Affixed near Wadsworth Gate, the plaque memorializes Titus, Venus, Bilhah, and Juba, four slaves who lived and worked in Wadsworth House and were owned by Harvard presidents Benjamin Wadsworth and Edward Holyoke during the 1700s.
“The plaque is intended to remember and honor them and to remind us that slavery was not an abstraction, but a cruelty inflicted on particular humans. We name the names to remember those stolen lives,” said Faust, a Civil War historian. It is expected to be the first of many efforts to memorialize and chronicle the contributions that enslaved people made to the University.
Attending was U.S. Rep. John Lewis, the Georgia congressman and icon of the Civil Rights era, who called the gesture a new chapter for Harvard and an important step in having America come to terms with slavery.
“For nearly four centuries, we have believed that the best way to cleanse this nation of the stain of slavery is to ‘move on,’ ” said Lewis, who received an honorary Doctor of Laws degree from Harvard in 2012. Landmarks were torn down and records lost in an effort to “wipe out every trace of slavery from America’s memory, hoping that the legacy of a great moral wrong will be lost forever in a sea of forgetfulness. But for 400 years, the voices of a generation have been calling us to remember. We have been tossing and turning for centuries in a restless sleep, and we’ve pleaded with them to be still, but they will not be silent.”
Lewis led the long fight to get formal recognition for the African slaves who built many of the nation’s most important federal buildings, including the White House and the U.S. Capitol. He thanked Faust for her leadership and tenacity in the push to give “these souls some of the dignity and the honor that they did not receive in life, [but] they have deserved for centuries.”

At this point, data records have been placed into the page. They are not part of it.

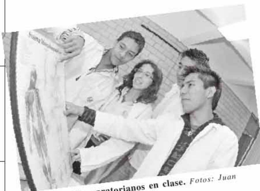
ANATOMÍA. Preparatorianos en clase.
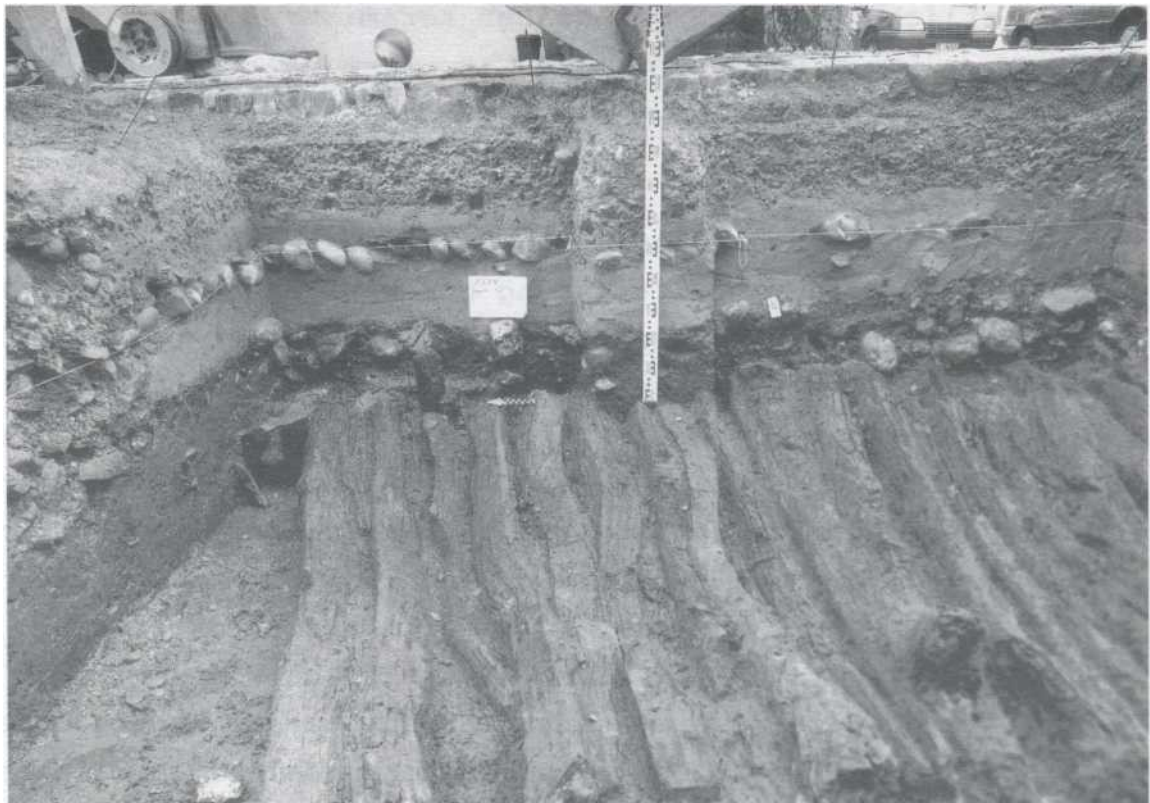
Abbildung: Der Prügelweg von 1256/57. Im Hintergrund sind deutlich die Überschwemmungsschichten auszumachen, die allmählich zum heutigen Gasseniveau führten.
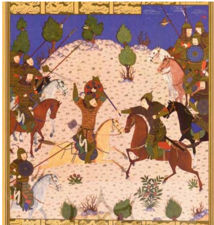
تصویر ۲: رستم و سهراب، شاهنامه بایسنقری، هرات، ۸۲۳ ه.ق، کتابخانه کاخ گلستان، تهران.

در حماسه ایلپاد نیز نمونه‌هایی از آن وجود دارد: «همان دم از گردونه‌های خود جستند، دست یک‌دیگر را فشردند و سوگند جاودانی یاد کردند» (هومر، ۱۳۸۶: ۱۶۰). آگامنون دست منلاس را گرفت و گفت: «برادر گرامی، چون تو را به خطر انداختم که به تنهایی در راه مردم آخایی با مردم تروا نبرد کنی در این پیمان مرگ تو را خواستار شدم، ایشان تو را زخم زدند و پیوند اتحاد ما را زیر پا گذاشتند اما سوگندهای ما، خون‌بره‌ها و نذر کردن باده‌های ناب و این دست یگانگی که با ما دادند و ما آن را درست پنداشتیم، بیهوده نخواهد بود» (همان: ۱۰۹).
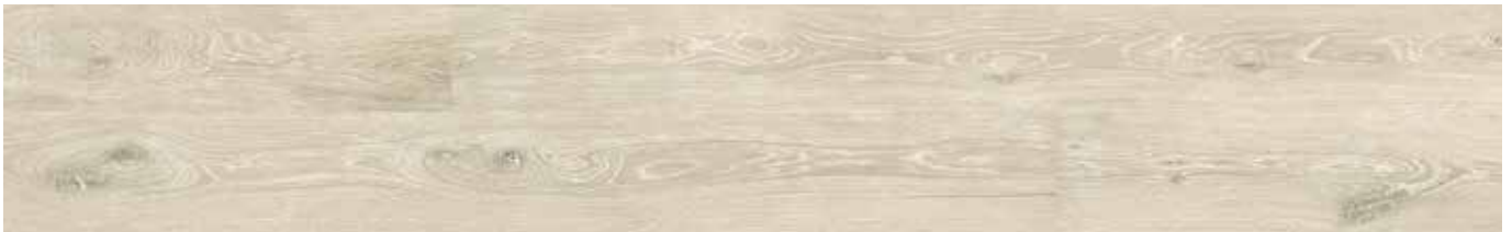
Washed Arcaine Oak ADG1001

From its earliest days, Harvard was “directly complicit” in the slave trade until Massachusetts abolished the practice in 1783, Faust noted. But even then, she said, the University maintained ties to slavery, and benefited financially from it, up until the Civil War, a possible reference to properties that were bequeathed to Harvard in the early 1800s by slave owner Isaac Royall Jr., whose family wealth came from their West Indian plantations. Proceeds from the sale of that land provided the seed money first for Harvard’s Royall Professorship of Law and then for Harvard Law School’s (HLS) founding in 1817, which recently has been a point of concern in HLS protests.
While Harvard is proud of its long and distinguished history in education and public service, and of the many exceptional people associated with the University, it is essential that it also face uncomfortable truths in our “search for veritas,” said William F. Lee ’72, senior fellow of the Harvard Corporation.
“It is easy enough to highlight and to celebrate the things that have occurred in the past that fill us with pride,” said Lee. “It is harder to shine a light on those aspects of our past that deeply disturb us, that confuse us, that confound us, and that we might prefer to leave in the shadows.”